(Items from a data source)
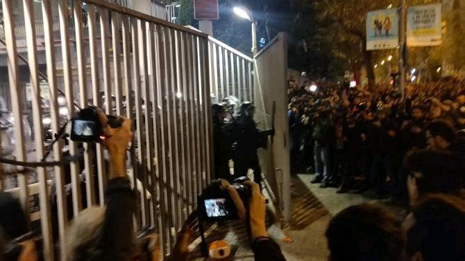 Tras varias cargas de los Mossos d'Esquadra contra un grupo de radicales que habían cruzado contenedores en la vía, un grupo se ha acercado a la puerta de acceso 18 del Camp Nou, donde han logrado doblegar una de las vallas metálicas que protege el acceso exterior del estadio barcelonista.
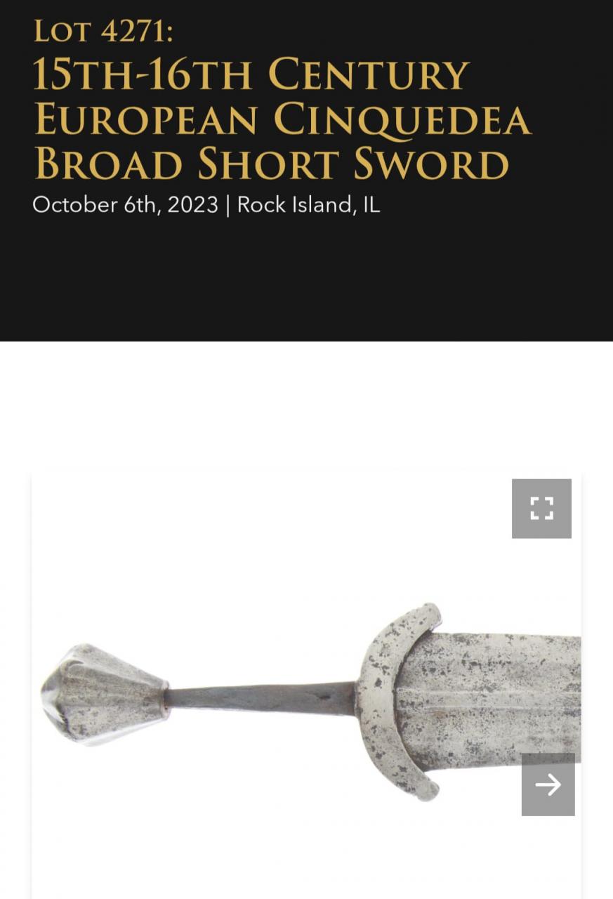 It was very rusty and I cleaned it with a lot of baking soda. I wanted it shiny but maybe it is too much and help to make it seems too "clean'/fake I found , thank you , this 16th large cinquedea sword who don't looks older, guard is +/- look like The pommel is as unusual as my wheel medieval pommel. Maybe this one is recent too ? I wonder if there are old steel leaf blades for comparison , The ones I found were all bronze made, Sure iron/ steel avoid humidity and turn to rust then dust but it is srange that since antiquity,, laTène period. no celtics or just leaf blades steel models have been kept with care. |
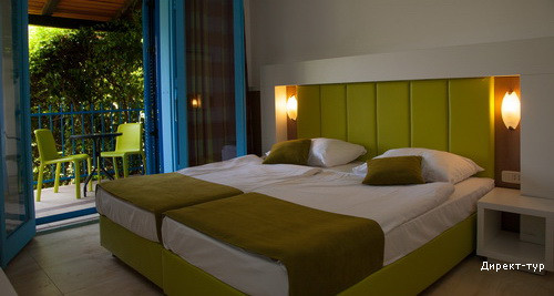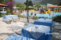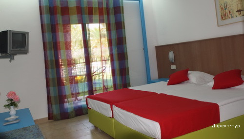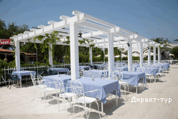 All inclusive (10:00-23:00): завтрак, обед, ужин – шведский стол, местные напитки в неограниченном количестве (пиво, вино, соки, минеральная вода, пирог в 16:00, 1 час тенниса в неделю бесплатно на номер, водный велосипед, детская площадка, аэробика, школа плавания, детская дискотека.Пляж:
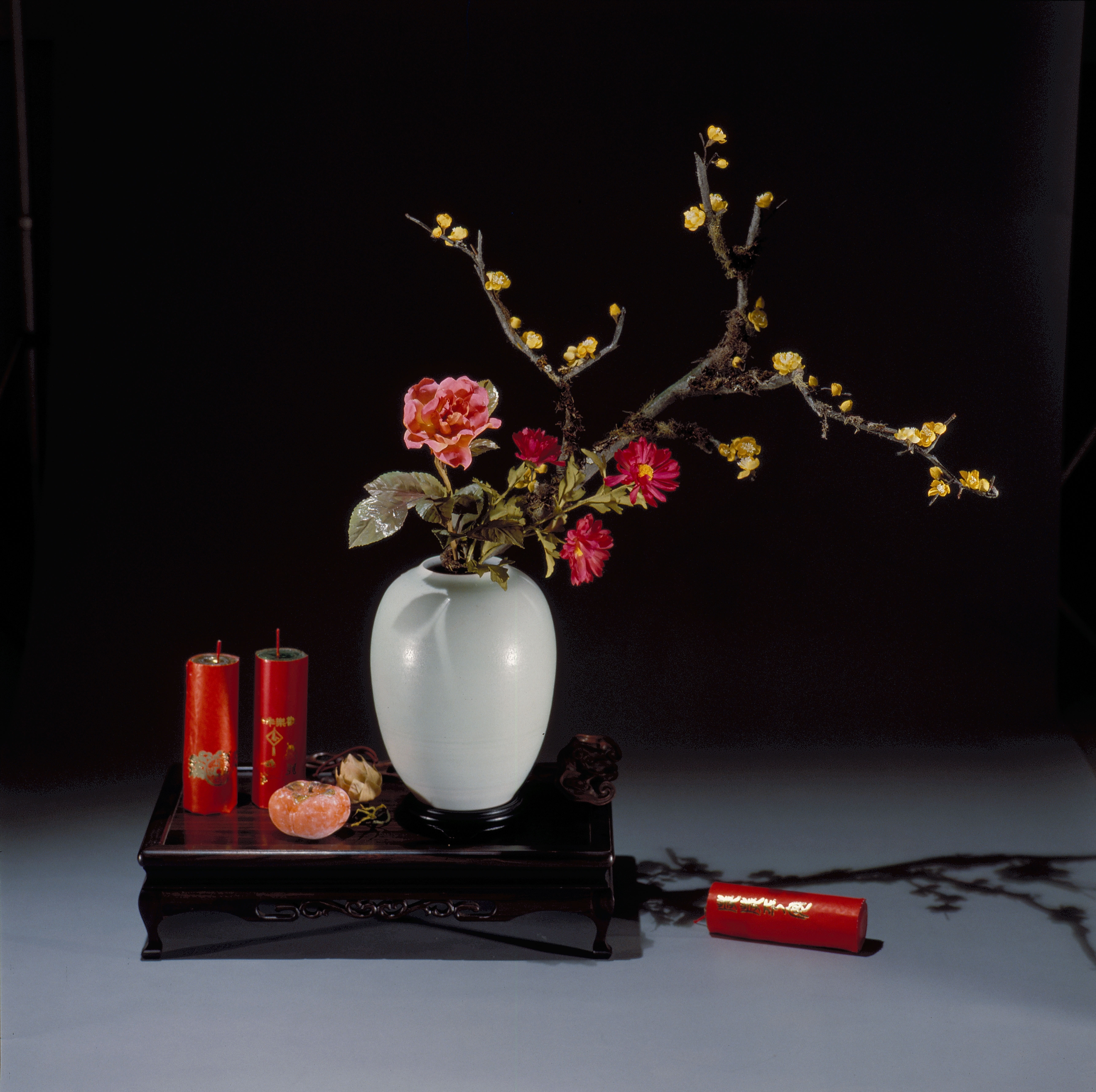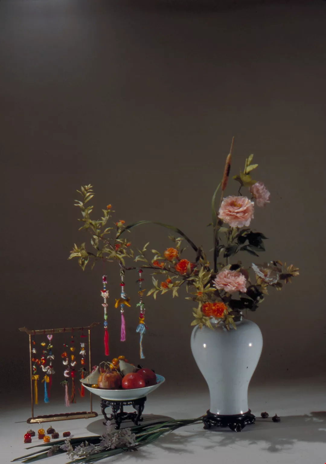 Folk flower arrangements reflected seasonal and holiday variations. Scenes embellished by lanterns, scrolls, screens and vase stands, displayed flower arrangements signifying luck and prosperity. Whether on a table, the floor, or at the doorway, flowers were always a decorative presence in the Chinese home.
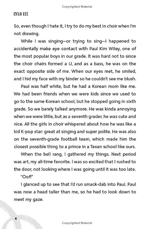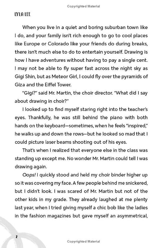 "Jiyoung "Gigi" Shin loves to create, from her zany outfits to self-executed haircuts. She dreams of becoming an artist and doodles every chance she gets--at school instead of taking notes, in choir instead of singing, and at home instead of homework. Art is her way of escaping her boring life in suburban Middle of Nowhere, Texas. Unfortunately, her working class, immigrant parents want her to focus on her studies and pursue something more "practical." Gigi only really feels like herself in art class and at lunch with her best friends, Carolina and Zeina.

[What you need to do]
In the data above, find the line containing "Folk flower arrangements"; from there, please write out each line through the end, exactly, with the pictures omitted.

[Result of the task]
 Folk flower arrangements reflected seasonal and holiday variations. Scenes embellished by lanterns, scrolls, screens and vase stands, displayed flower arrangements signifying luck and prosperity. Whether on a table, the floor, or at the doorway, flowers were always a decorative presence in the Chinese home.
 "Jiyoung "Gigi" Shin loves to create, from her zany outfits to self-executed haircuts. She dreams of becoming an artist and doodles every chance she gets--at school instead of taking notes, in choir instead of singing, and at home instead of homework. Art is her way of escaping her boring life in suburban Middle of Nowhere, Texas. Unfortunately, her working class, immigrant parents want her to focus on her studies and pursue something more "practical." Gigi only really feels like herself in art class and at lunch with her best friends, Carolina and Zeina.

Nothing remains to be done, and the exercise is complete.